In this state he continued for some months. "Suddenly," he says, "the character of a Saviour was vividly impressed upon my mind. It seemed that there might be a being so good and compassionate as to himself atone for our transgressions, and thereby save us from suffering the penalty of sin. I immediately felt how lovely such a being must be, and imagined that I could cast myself into the arms of, and trust in the mercy of, such a one. But the question arose, How can it be proved that such a being does exist?

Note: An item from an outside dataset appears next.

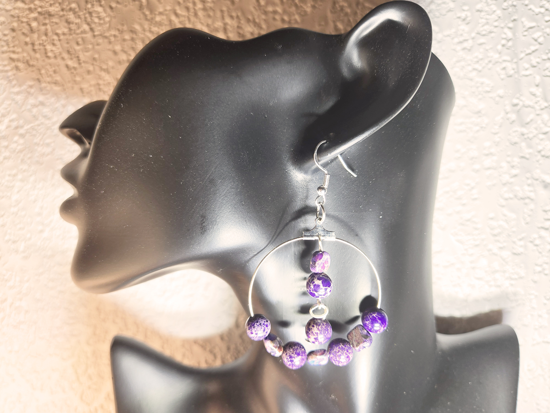 Wow, check out these earrings! They’ve got these great silver hoops, and what’s cool is they dangle with a bunch of awesome purple marbled beads. The pattern on the beads is super unique, giving them a fun, artsy vibe.

Aside from the Bible, I found that I could get no evidence of the existence of such a Saviour, or even of a future state. . . .

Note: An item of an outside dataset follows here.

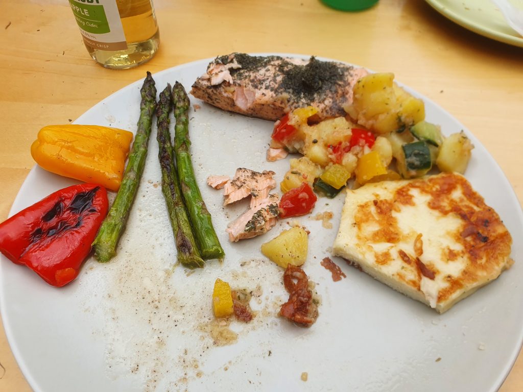 Ein gelungener Grillnachmittag war das gestern. Es gab alles: Lachs, Pulled Turkey, Bratwurst, Kesselgulasch, Grillgemüse, grünen Spargel, Grillkäse und natürlich Salate und Knabbergemüse. Von all diesen ultraleckeren Sachen ist quasi nichts übrig geblieben. Macht Lust auf eine Wiederholung. Dann wird es zusätzlich Sommerkino an der Garage geben. 🙂

"I saw that the Bible did bring to view just such a Saviour as I needed; and I was perplexed to find how an uninspired book should develop principles so perfectly adapted to the wants of a fallen world. I was constrained to admit that the Scriptures must be a revelation from God. They became my delight; and in Jesus I found a friend. The Saviour became to me the chiefest among ten thousand; and the Scriptures, which before were dark and contradictory, now became the lamp to my feet and light to my path. My mind became settled and satisfied. I found the Lord God to be a Rock in the midst of the ocean of life. The Bible now became my chief study, and I can truly say, I searched it with great delight. I found the half was never told me. I wondered why I had not seen its beauty and glory before, and marveled that I could have ever rejected it. I found everything revealed that my heart could desire, and a remedy for every disease of the soul. I lost all taste for other reading, and applied my heart to get wisdom from God."--S. Bliss, Memoirs of Wm. Miller, pages 65-67.